• [WHAT THE TASK REQUIRES] The answer must consist of every line from the entries below that contains the word "with".

====== EXTRACTED RECORDS

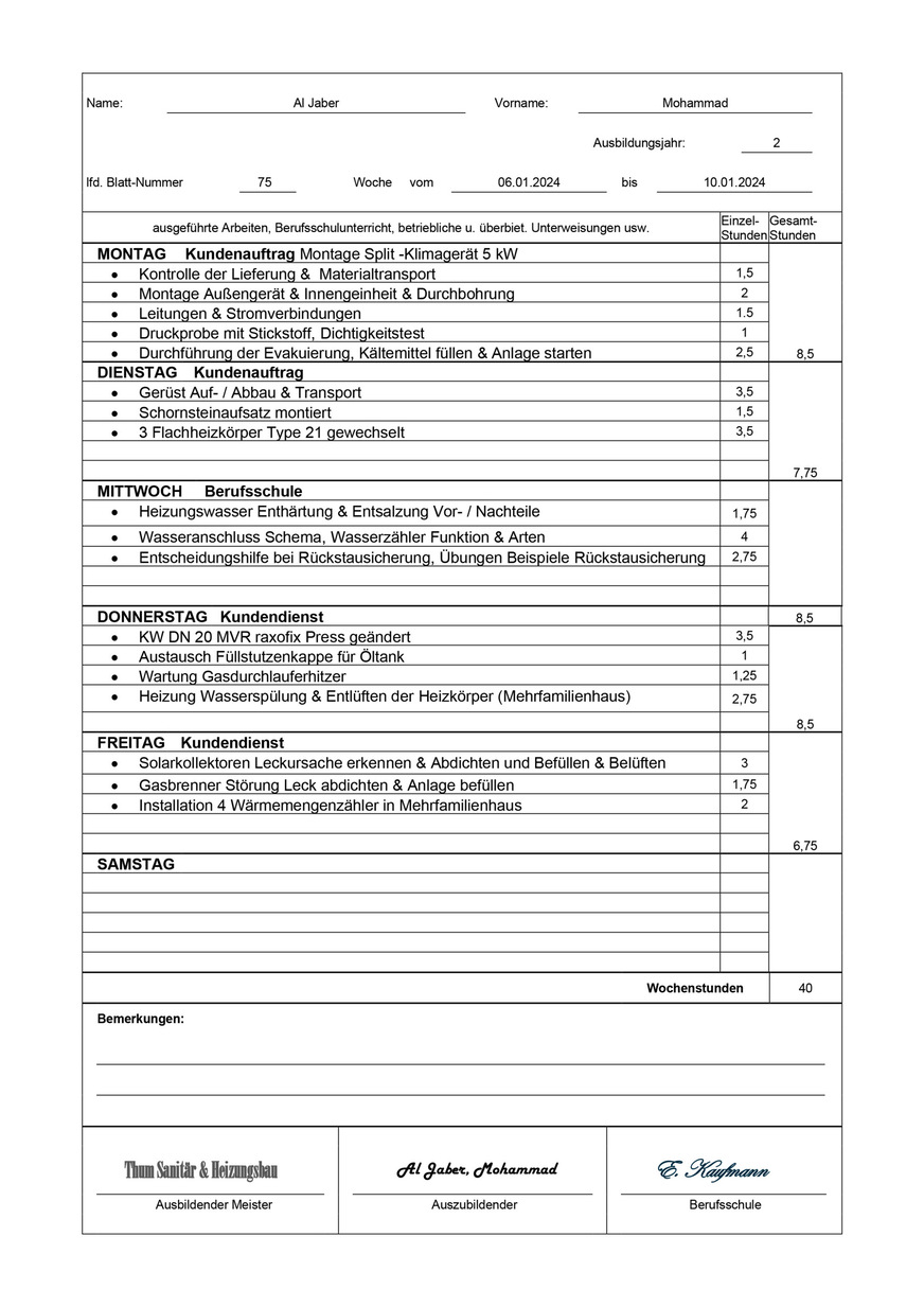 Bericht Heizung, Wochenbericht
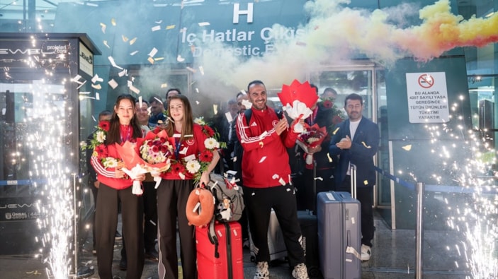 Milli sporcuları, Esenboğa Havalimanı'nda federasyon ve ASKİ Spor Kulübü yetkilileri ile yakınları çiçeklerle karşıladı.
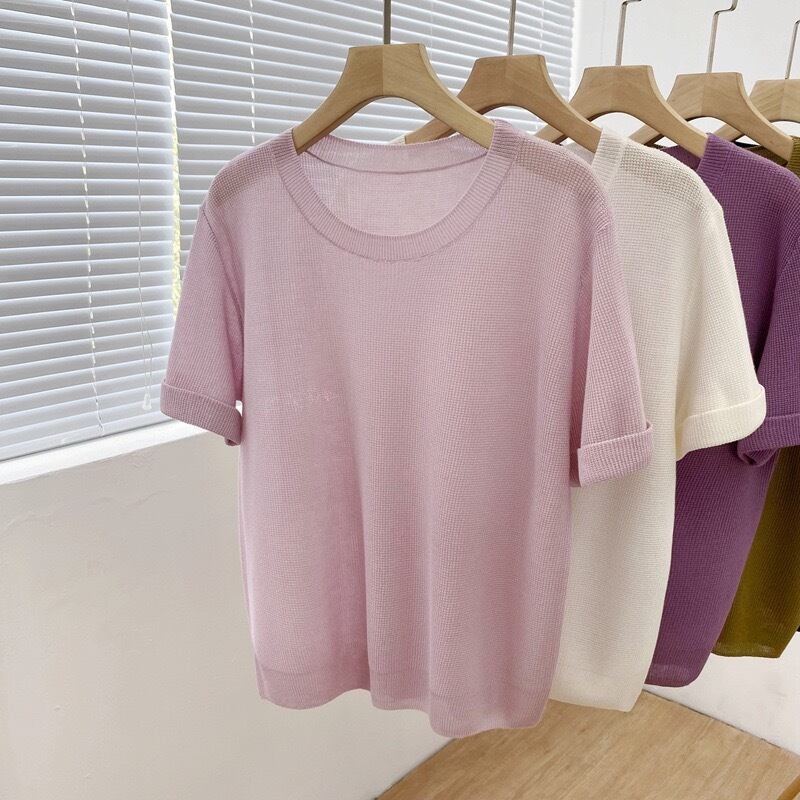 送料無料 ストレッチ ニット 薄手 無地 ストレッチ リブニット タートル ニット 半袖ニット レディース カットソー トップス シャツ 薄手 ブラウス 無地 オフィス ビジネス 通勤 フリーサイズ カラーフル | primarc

============
====== EXTRACTED RECORDS

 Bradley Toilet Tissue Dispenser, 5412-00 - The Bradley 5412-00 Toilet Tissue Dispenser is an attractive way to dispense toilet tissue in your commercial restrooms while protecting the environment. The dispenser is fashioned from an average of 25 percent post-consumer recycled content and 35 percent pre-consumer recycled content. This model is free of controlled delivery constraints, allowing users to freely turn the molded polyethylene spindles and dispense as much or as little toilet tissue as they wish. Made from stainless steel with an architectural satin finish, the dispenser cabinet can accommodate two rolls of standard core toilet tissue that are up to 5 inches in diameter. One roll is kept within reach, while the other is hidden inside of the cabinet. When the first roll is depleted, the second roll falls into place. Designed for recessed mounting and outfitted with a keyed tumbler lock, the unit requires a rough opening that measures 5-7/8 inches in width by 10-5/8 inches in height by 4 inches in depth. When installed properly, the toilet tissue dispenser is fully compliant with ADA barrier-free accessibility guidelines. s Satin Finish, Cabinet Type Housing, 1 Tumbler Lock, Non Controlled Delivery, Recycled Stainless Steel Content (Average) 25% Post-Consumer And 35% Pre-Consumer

============
====== EXTRACTED RECORDS

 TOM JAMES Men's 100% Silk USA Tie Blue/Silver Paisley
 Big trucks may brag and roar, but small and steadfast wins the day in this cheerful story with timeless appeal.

============

• [RESPONSE TO THE EXERCISE]
 Bradley Toilet Tissue Dispenser, 5412-00 - The Bradley 5412-00 Toilet Tissue Dispenser is an attractive way to dispense toilet tissue in your commercial restrooms while protecting the environment. The dispenser is fashioned from an average of 25 percent post-consumer recycled content and 35 percent pre-consumer recycled content. This model is free of controlled delivery constraints, allowing users to freely turn the molded polyethylene spindles and dispense as much or as little toilet tissue as they wish. Made from stainless steel with an architectural satin finish, the dispenser cabinet can accommodate two rolls of standard core toilet tissue that are up to 5 inches in diameter. One roll is kept within reach, while the other is hidden inside of the cabinet. When the first roll is depleted, the second roll falls into place. Designed for recessed mounting and outfitted with a keyed tumbler lock, the unit requires a rough opening that measures 5-7/8 inches in width by 10-5/8 inches in height by 4 inches in depth. When installed properly, the toilet tissue dispenser is fully compliant with ADA barrier-free accessibility guidelines. s Satin Finish, Cabinet Type Housing, 1 Tumbler Lock, Non Controlled Delivery, Recycled Stainless Steel Content (Average) 25% Post-Consumer And 35% Pre-Consumer
 Big trucks may brag and roar, but small and steadfast wins the day in this cheerful story with timeless appeal.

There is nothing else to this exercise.